The BPRHS (discovery) is a well-characterized, population-based longitudinal cohort study of 1500 PR adults aged 45–75 years living in or near Boston, Massachusetts. A previous publication provides details about the design and data collection for the BPRHS.21 Participants were recruited primarily through door-to-door enumeration from areas of high Hispanic density, but also through advertisement in flyers, participation in community events, and referrals from participants. Bilingual interviewers visited participants’ homes to collect data at baseline (2004) and follow-up visits.

The SOALS (replication) is a longitudinal, population-based cohort study of 1300 individuals aged 40–65 years who were residents of the San Juan municipality and its vicinity and were overweight or obese (body mass index (BMI) ≥25 kg/m2). Additional details about the design and data collection are provided in previous publications.22–24 Participants were recruited through different types of mass media, and data collection began in 2011 (baseline).

In this study, we included all BPRHS participants with available metabolomic profiling (n=679). Of these, 322 participants free of T2D (controls) were included in the derivation of the metabolic networks and associations with diabetes-related risk factors. The 357 participants with T2D at the time of blood draw (ie, prevalent cases) were used to examine the associations between metabolic network clusters and prevalent T2D. In an important step to follow best practices in omics-based studies,25 we replicated our findings in a total of 1011 SOALS participants with metabolomics profiling available. Of these, 934 participants were free of T2D and 77 met the criteria for T2D.

### Blood sample collection and metabolomics profiling

All participants were asked to fast for 12 hours in the BPRHS and 10 hours in the SOALS before the blood draw.
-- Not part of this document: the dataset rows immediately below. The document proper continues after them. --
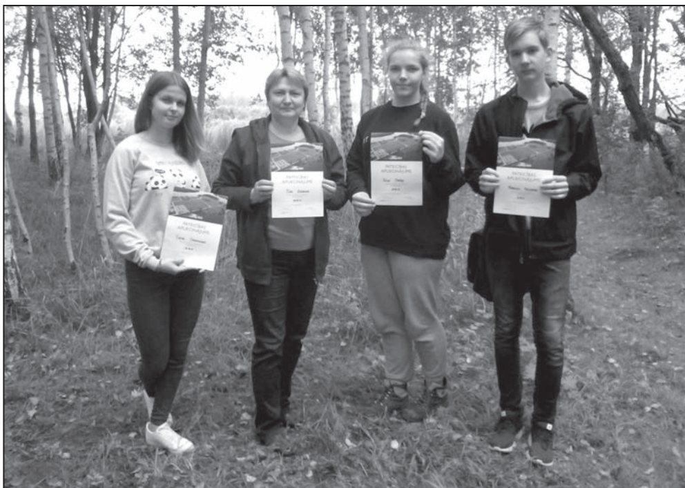
Talkas dalībnieki no Valkas

hercoga starptautisko apbalvojumu īpaši ir sasnieguši visus pašu izvirzītos apbalvošanas pasākumā saņemtie, kas, mērķus, ievērojot programmas Award prasības,
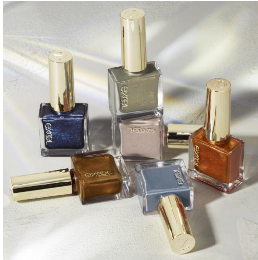
サナ エクセル ネイルポリッシュ N NL20~25(全6色) 各10mL 1,000円(税抜)

※「NL25 スターリーナイト」は、オンライン限定(エクセル公式オンラインストア及び amazon、ロハコ、@cosme ショッピング等)での取り扱いとなります。
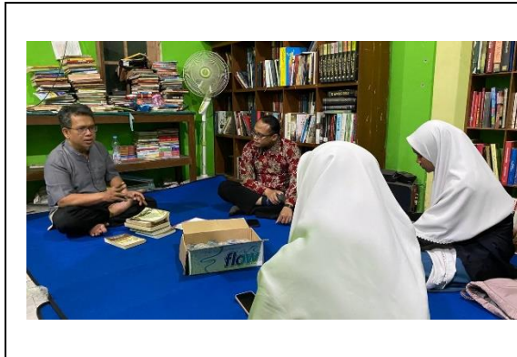
Foto 1. Penyampaian Hasil Riset
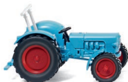
0871 42 Eicher Königstiger UVP 10,49 €
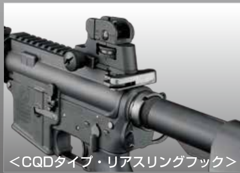
<CQDタイプ・リアスリングフック>
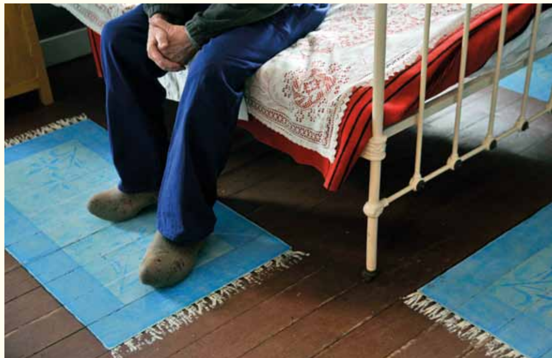
Museum van de Mijnwerkerswoning in Eisden.

Gedeeltelijk toegankelijk voor mindervaliden.
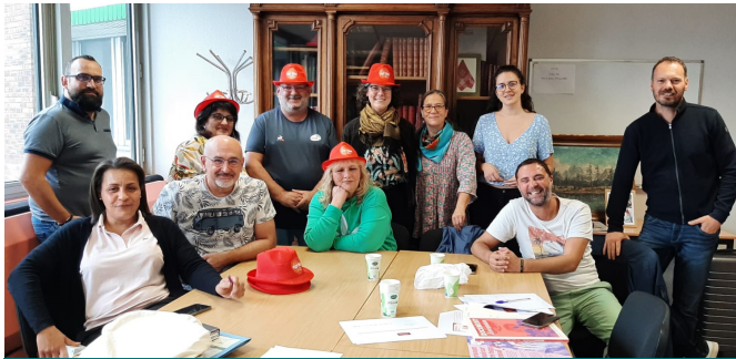
Avec la CGT, défendre l'ensemble des salarié.es

La Fédération THCB organisait fin août la deuxième session du stage de l'Ugict (Union générale des ingénieurs cadres et techniciens) pour « Gagner dans le 2ème et 3ème collèges ».
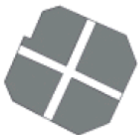
mercato di porta palazzo _ torino sup. mq. 51.300
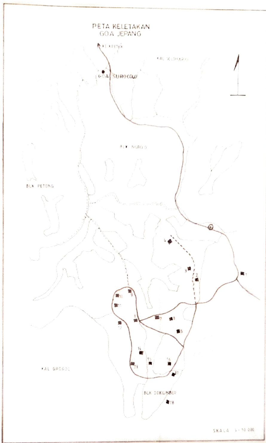
Gambar 4. Denah keletakan Lokasi Gua Jepang Nomor 5, Gua Jepang Nomor 6, dan Gua Jepang Nomor 7 dalam Lokasi Goa Jepang Bukit Mrangi

In the BPRHS, blood was drawn at participants’ homes, and a portable centrifuge was used to separate the plasma. The samples were transported to the laboratory in coolers with dry ice, processed, and stored at −70°C. In SOALS, samples were drawn at the baseline visit, centrifuged, and stored at −80°C. Blinded specimens were assayed by Metabolon (Durham, North Carolina) in 2017 for the BPRHS and in 2019 for SOALS, as previously described.26 Briefly, chemical peaks were identified using positive and negative ionization ultra-high-performance liquid chromatography-tandem mass spectrometry and gas chromatography-mass spectrometry. The software developed at Metabolon was used to identify 943 known compounds in the BPRHS and 1062 in SOALS, with differences due to the number of known peaks at the time of the analysis.
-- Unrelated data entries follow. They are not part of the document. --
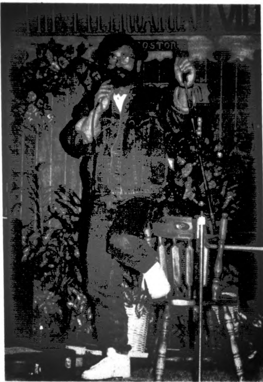
Vytautas Kernagis koncertuoja Bostone, „Lietuviškoje sodyboje“.
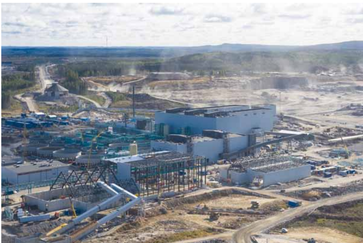
Talvivaaran ympäristöhaitat vaikuttavat paljon tehdasaluetta kauemmaksi
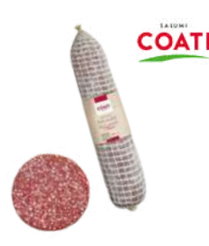
Salami Milano baton
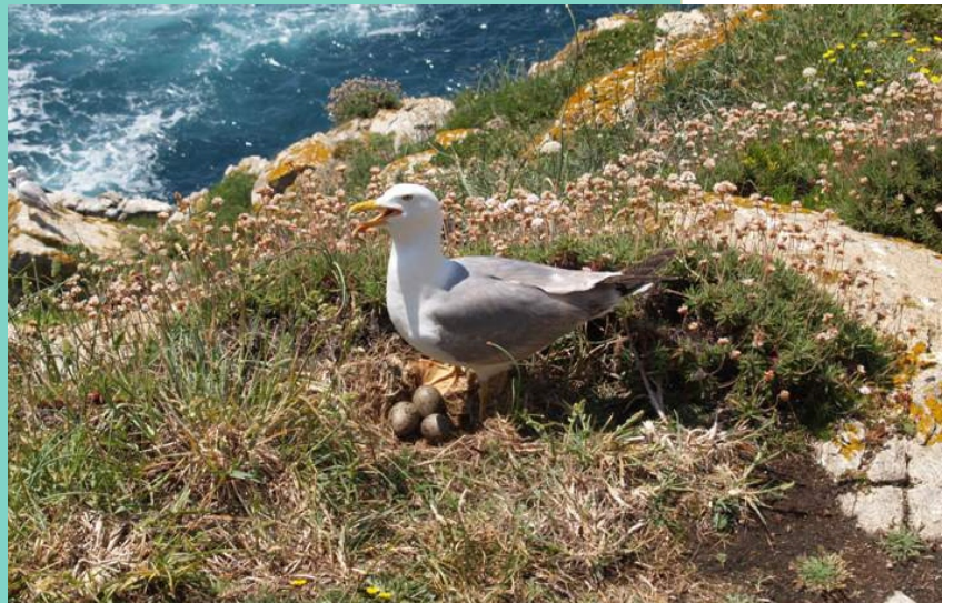
Gaivota patiamarela ( Larus michahellis ) no niño
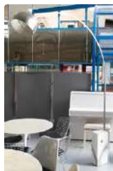
Lot n°417 Achile & Pier CASTIGLIONI (designer) & FLOS...
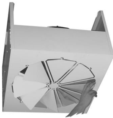
2. Állítsa be a terelőlemezeket a kívánt kifúvási szögnek megfelelően.
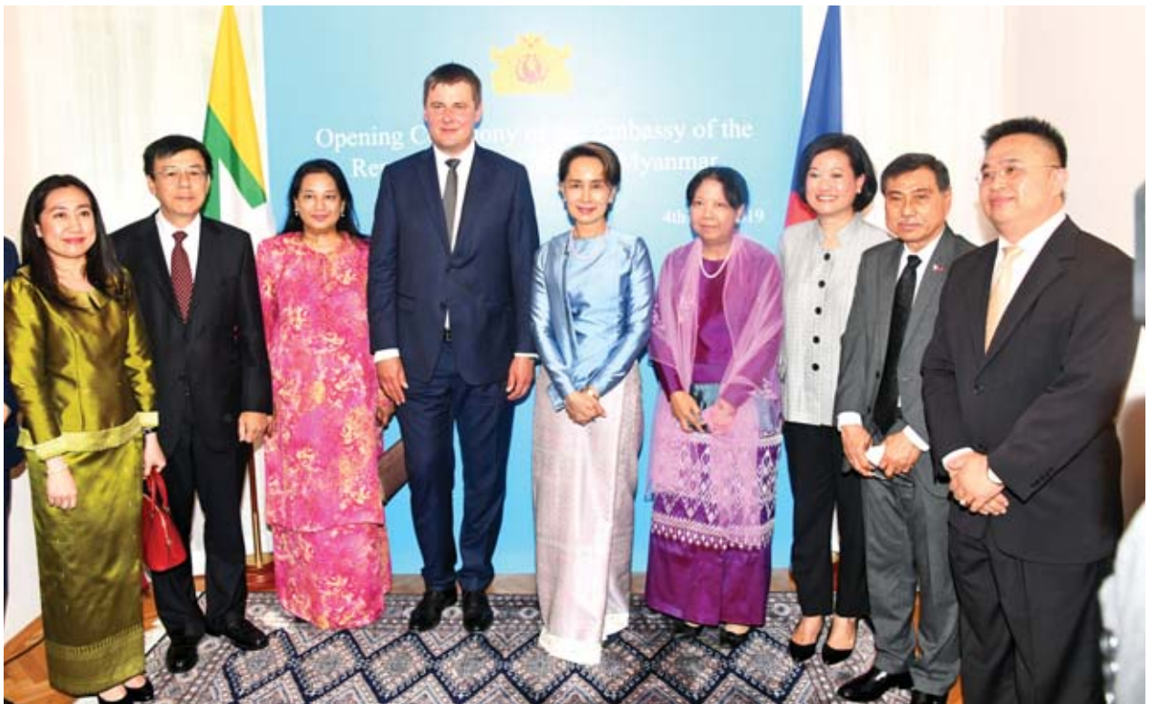
နိုင်ငံတော်၏အတိုင်ပင်ခံပုဂ္ဂိုလ် ဒေါ်အောင်ဆန်းစုကြည်နှင့် ချက်သမ္မတနိုင်ငံ နိုင်ငံခြားရေးဝန်ကြီး Mr. Tomas Petricek တို့ ချက်သမ္မတနိုင်ငံ ဆိုင်ရာ မြန်မာနိုင်ငံသံရုံးဖွင့်ပွဲတွင် အာဆီယံနိုင်ငံများမှ သံအမတ်ကြီးများနှင့်အတူ မှတ်တမ်းတင်ဓာတ်ပုံရိုက်စဉ်။

ယင်းနောက် နိုင်ငံတော်၏အတိုင်ပင်ခံပုဂ္ဂိုလ်နှင့် ချက်နိုင်ငံခြားရေးဝန်ကြီး Mr. Tomas Petricek တို့သည် အမှာစကားပြောကြားကြပြီး သံရုံးဖွင့်ပွဲသို့ တက်ရောက်လာကြသည့် အာဆီယံနိုင်ငံများမှ သံအမတ်ကြီးများနှင့်အတူ မှတ်တမ်းတင်ဓာတ်ပုံရိုက်သည်။
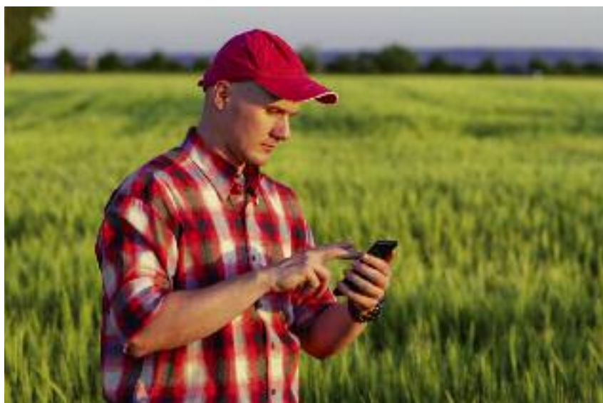
Udostępnienie bezpłatnej aplikacji mobilnej na smartfony dla rolników, jest planowane na wrzesień tego roku

znajdzie szczegółową instrukcję, co za pośrednictwem telefonu ma sfotografować, ile zdjęć zrobić, z jakiego miejsca na polu i w jakim kierunku ma wykonać fotografię,
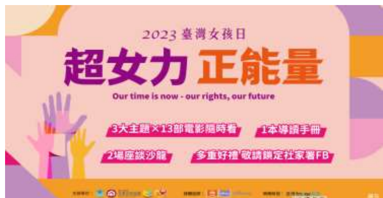
「2023 臺灣女孩日線上主題影展」
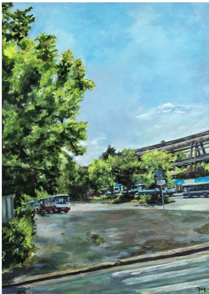
Paula Buras, akryl na płótnie, 50 × 70 cm, 2023
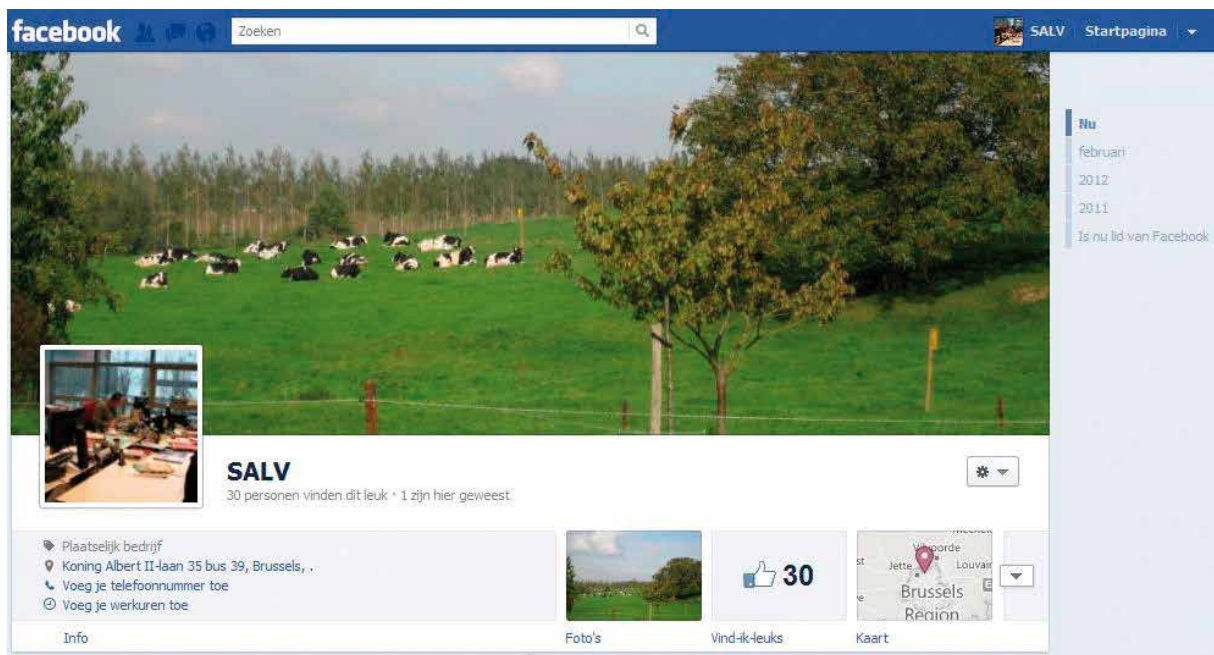
Figuur 5 - De SALV-Facebookpagina maakt melding van onze adviezen en toont foto's van onze activiteiten zoals het SALV-event.

VILT, Vlaams Infocentrum Land- en Tuinbouw ( www.vilt.be ), pikt regelmatig adviezen van de SALV op en publiceert hierover artikels. Dankzij het grote bereik van de dagelijkse nieuwsbrief "VILT nieuwsoverzicht" bereiken onze adviezen een grote groep geïnteresseerden in landbouw en visserij.

Internal quality control samples were included, and injection order was random with respect to case status. Several processing steps were implemented before analysis. Metabolites with a detection rate <75% and xenobiotics were removed. Among the remaining metabolites, undetectable values were imputed at a value equal to half the minimum of each measured metabolite. To reduce the impact of outliers and skewed distributions, we applied an inverse normal transformation. After processing, 614 named metabolites were available for analysis in both the BPRHS and SOALS cohorts.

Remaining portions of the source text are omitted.